Icarus: sO wHeN i’M eXpOsEd To LaRgE aMoUnTs Of sUnLiGhT…. SHUT THE HELL UP CLARK!!
[LA Earthquake]
Me: Wow, do you feel tha-
Husband: *pushes me out of the way and runs down the street screaming* Every man for himself!
Ok, but like, how married are you?
Starship Advertise Stardate 41153.6
Kirk: This velcro … is not … holding
Spock: Jim, it appears you’re using an inferior hook and loop system
Kirk: What … do you … suggest?
Spock: Logic demands we call in the experts
Kirk: Who … would that … be?
Spock: The Klingons
to remove a tick first light a candle then slowly and carefully invite it to join you for a nice rare steak
12: Alexa is so annoying! I have to say everything 5 times before she does what I want her to do.
Me, looking at the full garbage that I asked my son to take out 4 times: I know the feeling.
Me: And this is my house
Friend: What’s upstairs?
Me: Stairs don’t talk
Loads 5 frozen pizzas into the freezer.
Meal prep ✔️
Who called it girl math and not galgebra?
The only reason there’s a market for hammers is not because they go bad but because they grow legs and walk away.
Me: *sleeps through an earthquake*
Husband: *gently moves his foot in bed*
Me: Are you going to keep me up all night?
family members leaving you things in their will is literally them saying “yeah I’ll give you this… over my dead body”

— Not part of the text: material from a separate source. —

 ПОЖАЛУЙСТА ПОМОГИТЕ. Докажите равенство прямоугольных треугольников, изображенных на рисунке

On the second day of Christmas break my children gave to me 37 loads of laundry
*pulling up to toll both with megaphone in hand*
Booth operator: ma’am please not again
Me: someBODY once tolled me—
For sale: 1 brain, only dropped once, OW, dammit, ok twice
I’m the smart one, the funny one AND the good looking one.
*must be why I’m single
Me: I’ve gone my whole life without having any hearing problems.
Middle age: Hold my beer.
Me: What?
Octopuses are amazing in that they can squeeze into really tight spaces to hide.
But when I do it, NO ONE is amazed. All I hear is, “Play with us!” from my kids and “STOP hiding under the bed from our kids, YOU ARE NOT an octopus!” from my wife.
[Sigh]
Hell hath no fury like an old lady scolding you for going in the wrong direction down a one-way aisle at the grocery store.

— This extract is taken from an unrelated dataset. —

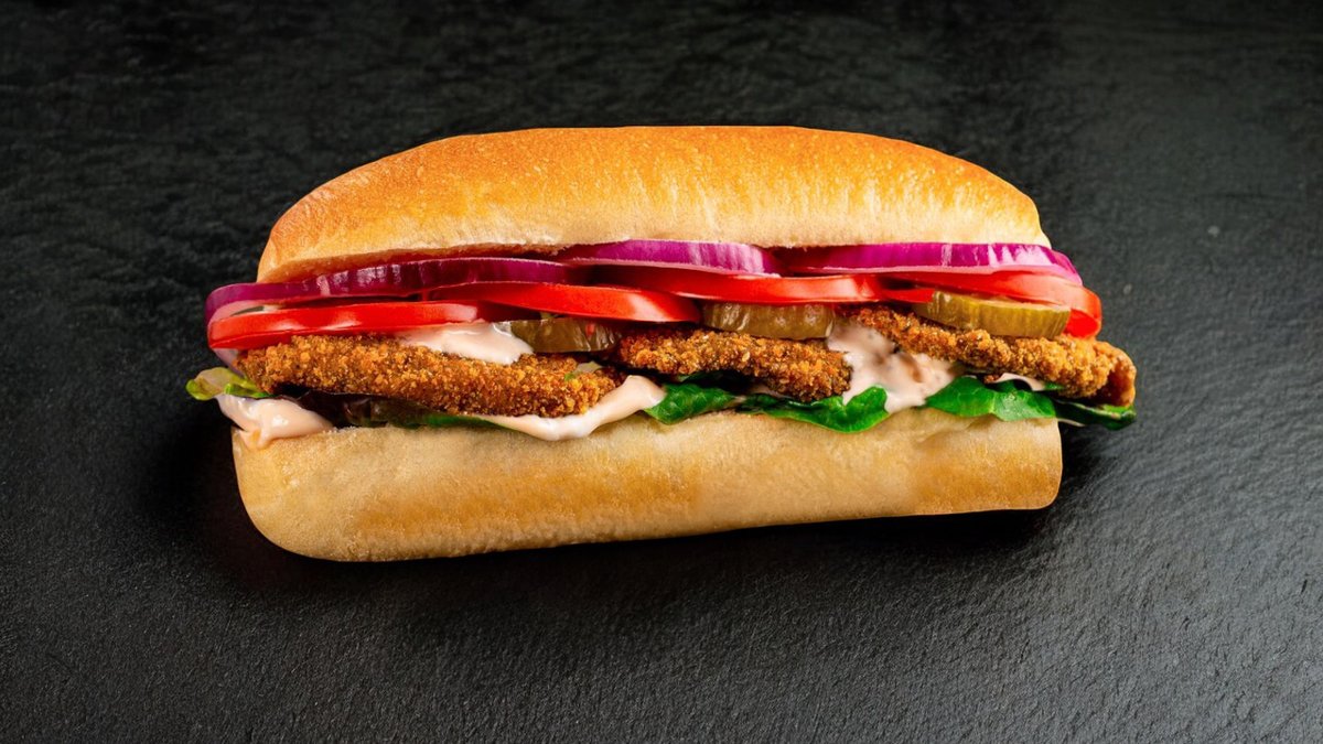 שניצל חזה עוף כ180 גרם, חסה, עגבניה, בצל סגול וחמוצים בלחמניית המבורגר

What happens when you wear flowy sleeves? They get caught on every doorknob you walk past.
hate when the barista asks “do you want whipped cream?” it feels there are only two answers: “yes please, i’m fat.” or “no thanks, i’m fat.”
just learned that all of the “You’re the best!” texts my dad sends me are one of three quick reply options in his Toyota Rav4
“Name?”
Well, some people call me the space cowboy, some people call me the gangster of love, some people call me Maur…
“Sir, have you ever been tazzed at the DMV before.”
“This movie is intended for 18+ viewers.” Bro, I don’t have 17 friends to watch this with.
I threw out a jar of expired protein powder and some jacked up raccoons beat the shit out of me a week later.
my idiot dog just ate a box of condom. i was gonna eat those buddy
ME: (petting a dog) He loves this.
DOG: (being pet) He loves this.
A marinara trench sounds nice tbh
THERAPIST: what brings you in today?
ME: sharks lack the ability to hug.
THERAPIST: *starts to cry*
My daughter said, “You’re the best mommy ever!”
I’m really proud that she’s learning sarcasm at such a young age.